Fue en esa época que el emperador Diocleciano ordenó que todos los súbditos, en su imperio, debían adorar a los ídolos o dioses falsos, prohibiendo al mismo tiempo la adoración al verdadero y único Dios Jesucristo. Lejos de acatar tan sacrílega e impía orden, San Jorge declaró que él nunca dejaría de adorar a Cristo y que jamás adoraría ídolos. Entonces Diocleciano decretó la pena de muerte contra el santo. Según las actas del martirio, cuando San Jorge era conducido hacia el lugar de su ejecución, fue llevado al templo de los ídolos, para tentarlo y ver si los adoraba, pero al entrar San Jorge en el templo, en su presencia varias de esas estatuas cayeron derribadas por el suelo y se despedazaron. En su muerte martirial, imitó a Nuestro Señor Jesucristo en muchos aspectos, como todo mártir, pero sobre todo en dos momentos: como Jesús, fue azotado y mientras lo azotaban, meditaba en la flagelación de Nuestro Señor, uniéndose a Jesús sin pronunciar un solo quejido; y también como Jesús, antes de morir, encomendó su alma a Dios, pues se le oyó decir: “Señor, en tus manos encomiendo mi alma”. Su última alegría en la tierra, preludio de la alegría eterna de la cual ya goza eternamente en el Reino de los cielos, fue saber que iba a ser decapitado por su fe en Jesucristo, pues de esa manera conquistaría inmediatamente un puesto de honor junto al Rey de los mártires, Jesús. Su entereza y valentía al momento de morir y su testimonio de fe en Jesús, llevaron a muchos a la conversión, porque al verlo con tanta fortaleza interior, decían: “Es valiente. En verdad que vale la pena ser seguidor de Cristo”.

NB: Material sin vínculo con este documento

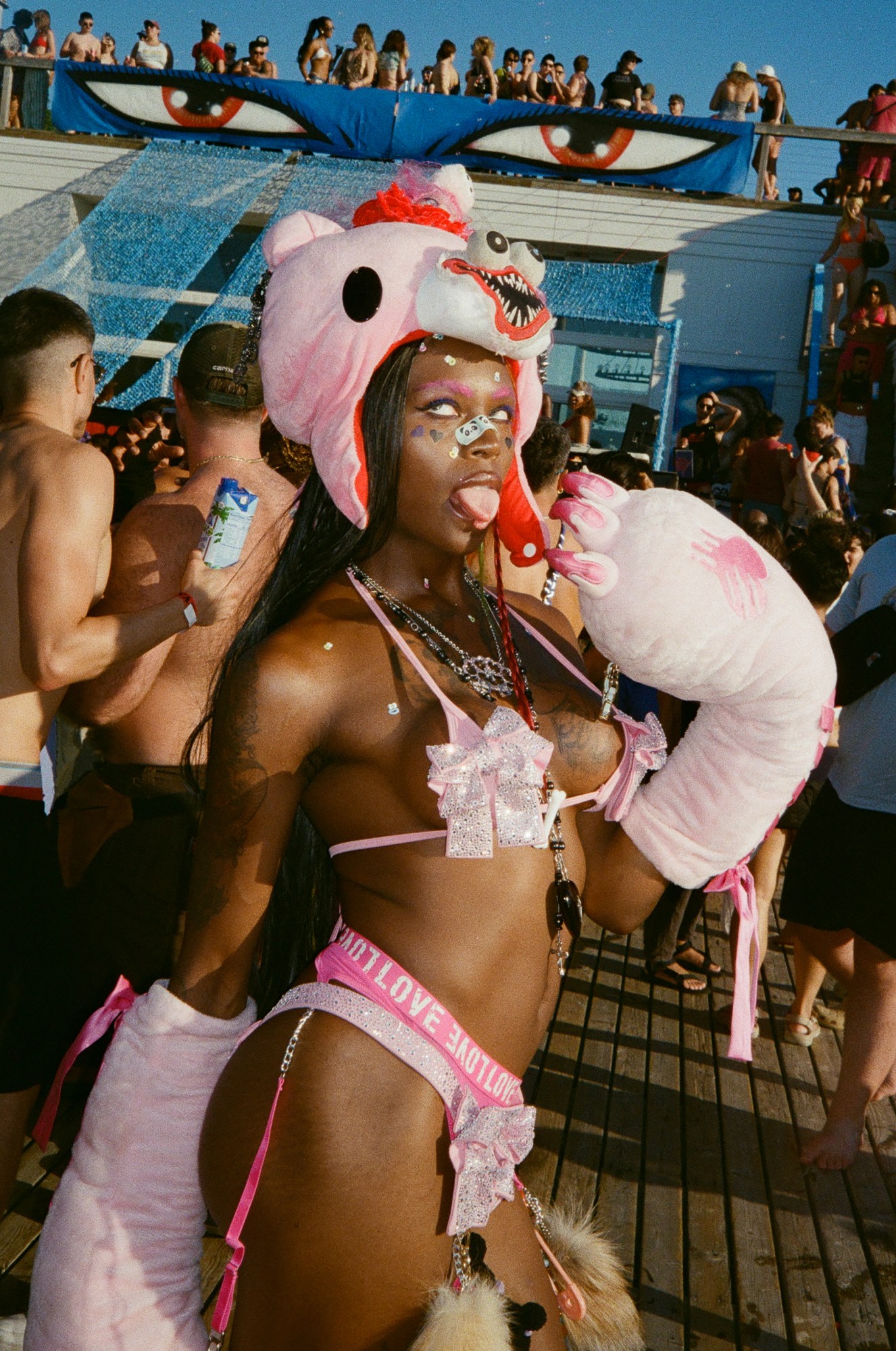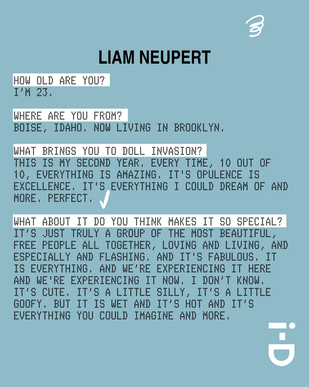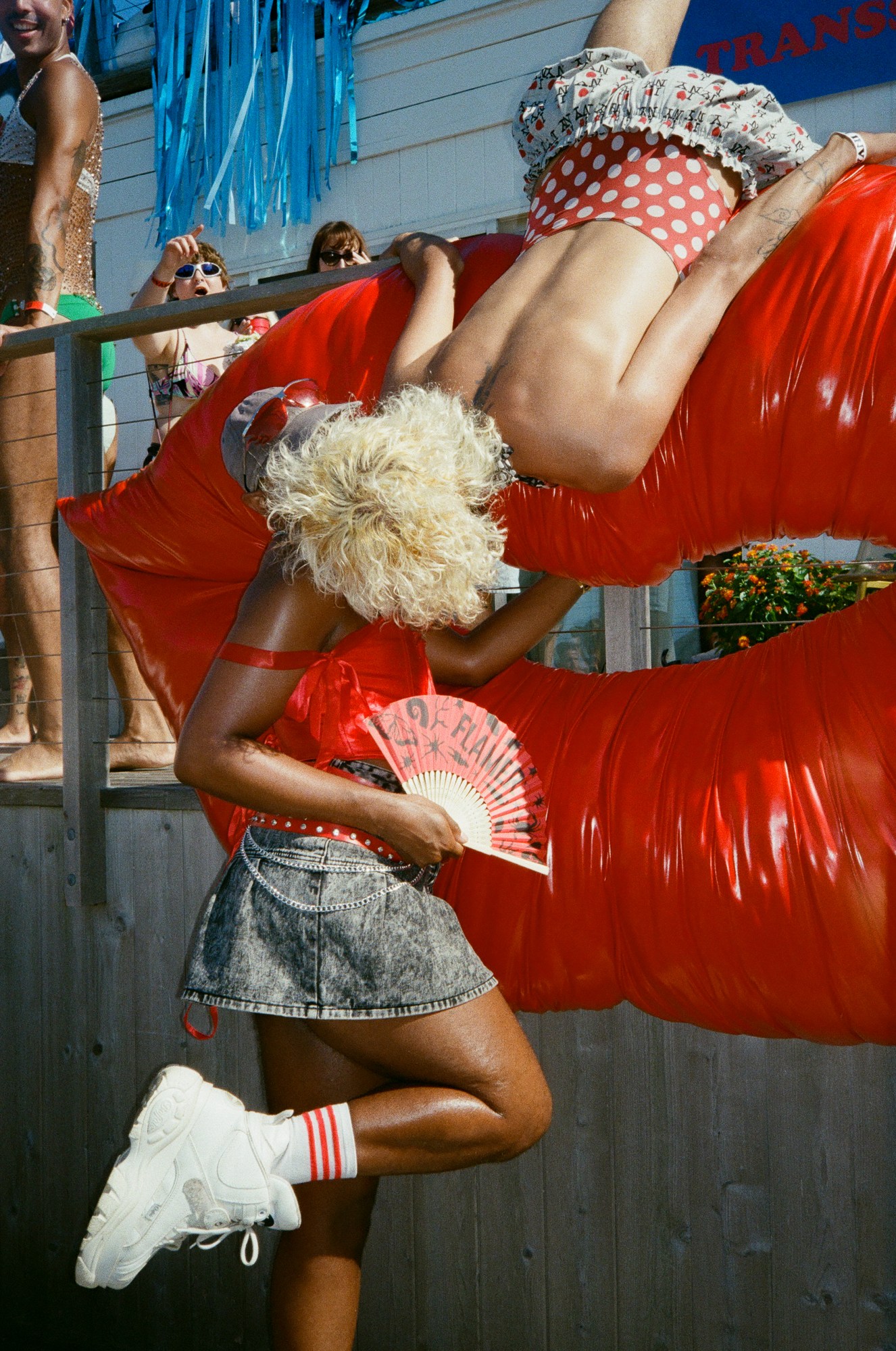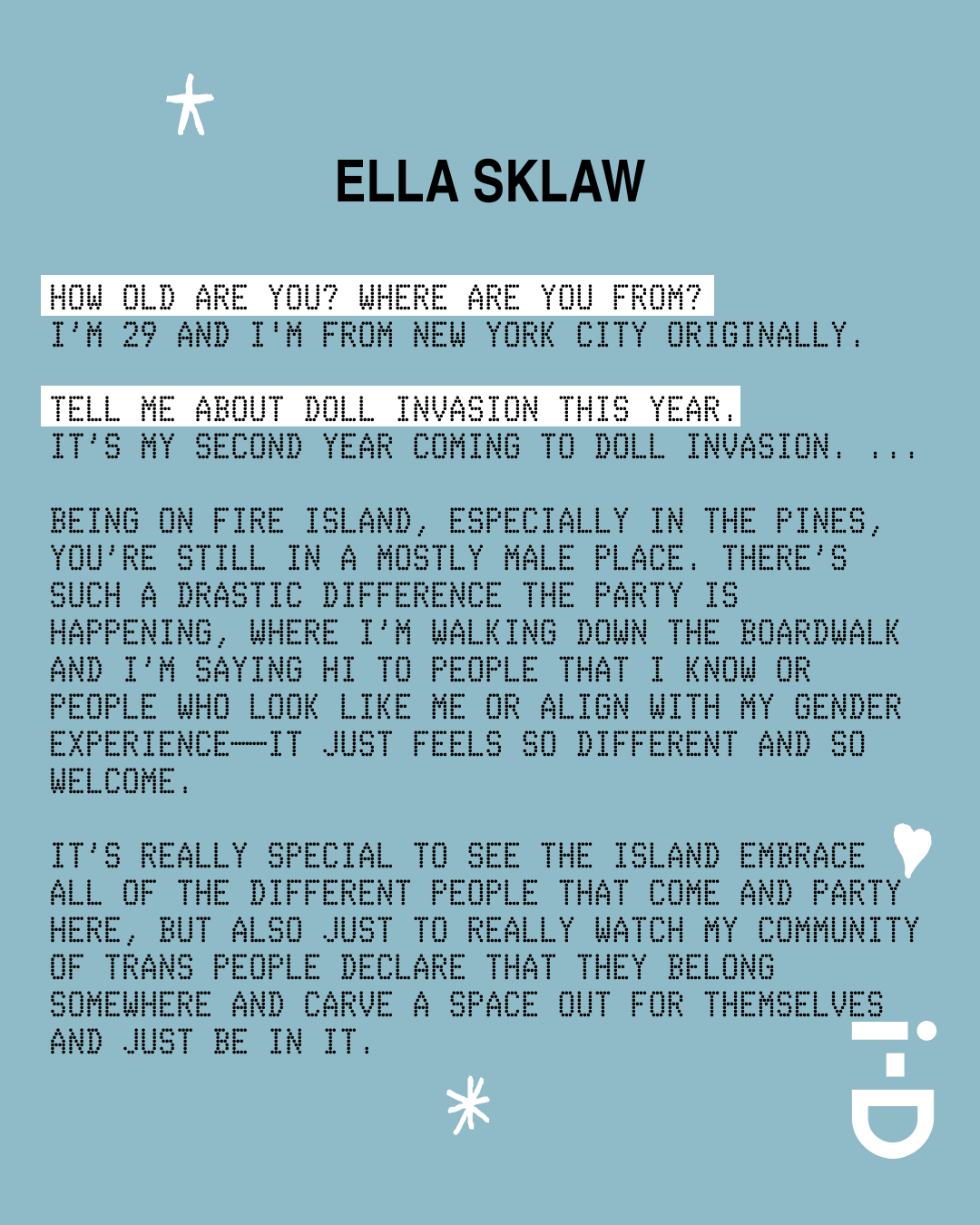 Doll Invasion is a weekend celebration for transpeople and queer life in Fire Island, New York. Founded in 2023, the organization raises money for trans-led organizations Queer Art and Advocates for Trans Equality through an auction that, this year, includes items from Chappell Roan, Hari Nef, Luke Gilford, and more. Photographer Matías Alvial captured the weekend’s celebrations from The Pines Club to the beach, interviewing attendees throughout.

La vida y la muerte martirial de San Jorge, es un ejemplo para todos nosotros: así como San Jorge luchó y venció al dragón en nombre de Cristo, así también nosotros, armados con la armadura de la fe y levantando en alto el estandarte ensangrentado de la cruz de Jesús, así nosotros venceremos al dragón infernal, que pretende arrebatarnos la vida de la gracia con sus tentaciones. El ejemplo de un gran santo y mártir como San Jorge, que movido por el amor del Espíritu Santo, prefirió morir antes que postrarse ante los ídolos, es sumamente necesario en nuestros días, en los que abundan los ídolos neo-paganos: la vida de santos como San Jorge nos recuerda que el único Dios verdadero ante el cual debemos doblar las rodillas en adoración, es Nuestro Señor Jesucristo, el Cordero de Dios, Presente en la Cruz y en la Eucaristía.